Japan participated in a joint operation with British forces in autumn 1914 in the Siege of Tsingtao (Qingdao) to capture the Kiautschou Bay Leased Territory in China's Shandong Province. The Japanese Navy was tasked with pursuing and destroying the German East Asia Squadron and protection of the shipping lanes for Allied commerce in the Pacific and Indian Oceans. During the course of this operation, the Japanese Navy seized the German possessions in the Marianas, Carolines, Marshall Islands and Palau groups by October 1914.

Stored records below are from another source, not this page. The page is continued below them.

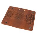 Ключниця "Тризуб - геометрія", коричневийСтильна шкіряна ключниця у глибокому коричневому кольорі доповнена виразним тисненням з поєднанням тризуба та геометричного орнаменту. Такий аксесуар виглядає солідно та водночас сучасно, надаючи щоденним речам національного характеру й індивідуальності. Модель виконана з натуральної шкіри, приємної на дотик та витривалої у використанні. Всередині розташовано шість металевих карабінів, які надійно фіксують ключі та не дають їм загубитися чи пошкодити вміст сумки. Застібається ключниця на металеві кнопки, що забезпечують швидкий доступ і надійне закриття.
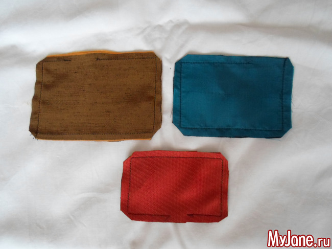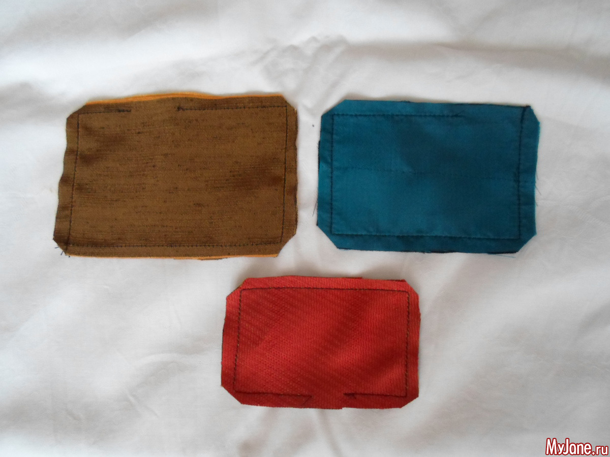 5. Выворачиваем прямоугольники через оставленное для этой цели отверстие. Выравниваем швы и уголки. Проглаживаем утюгом. Отверстие для выворачивания зашиваем потайным швом. При желании можно отстрочить края прямоугольника на швейной машинке.
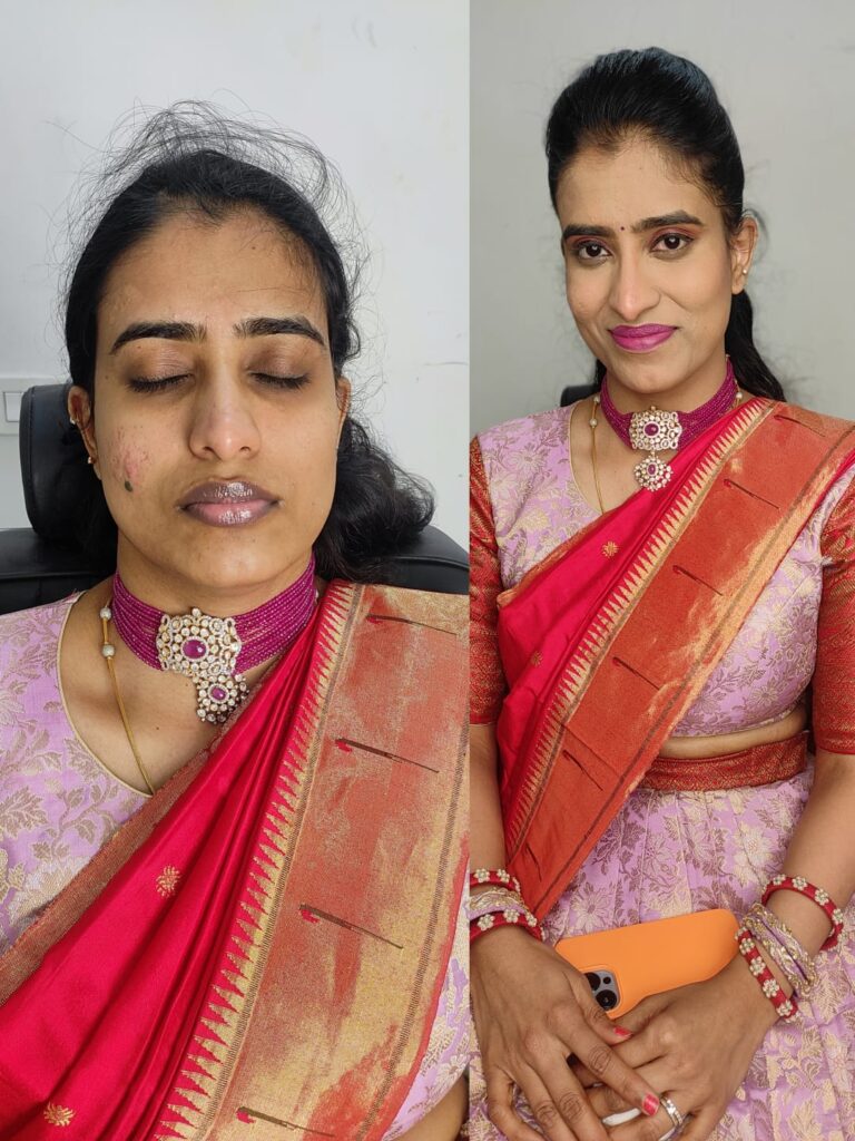 Bring your jewelry and blouse so the artist can match your look perfectly.

After the end of World War I, the protectorate of German New Guinea was divided amongst the war's victors by the Treaty of Versailles. The southern part of the protectorate was mandated to come under Australian administration as the Territory of New Guinea, consisting of Kaiser-Wilhelmsland (the German territory on the island of New Guinea) and the German-controlled islands south of the equator. Meanwhile, Japanese occupation of the northern part of the protectorate, consisting of the Micronesian islands north of the equator, was formally recognized by the treaty. Japan was given a League of Nations Class C mandate to govern them, the C Class being assigned because the Mandates Commission regarded the islands as having "low cultural, economic and political development". The terms of the Mandate specified that the islands should be demilitarized and Japan should not extend its influence further into the Pacific. The Mandate was initially subject to yearly scrutiny by the Permanent Mandates Commission of the League of Nations in Geneva, though by the late 1920s Tokyo was rejecting requests for official visitation or international inspection. In 1933 Japan gave notice of withdrawal from the League of Nations, the withdrawal becoming effective two years later. As there was no legal requirement for Japan to be a League member for it to have a mandate over the islands, it continued to administer them and submitted annual reports to the League until the outbreak of World War II. The idea of reassigning the mandate was considered by the League and the great powers but proved to be impractical.

== Administration ==

Flag of the Governor of the Mandate

Following the initial Japanese occupation of the islands, a policy of secrecy was adopted. Japan made it plain that it did not welcome the entry of foreign ships, even those of its wartime allies, into Micronesian waters. During the first five years that Japan occupied the islands, it consolidated its presence and the islands became a virtual Japanese colony. The IJN divided the territory into five naval districts in Palau, Saipan, Truk, Ponape and Jaluit Atoll, all reporting to a rear admiral at the naval headquarters at Truk.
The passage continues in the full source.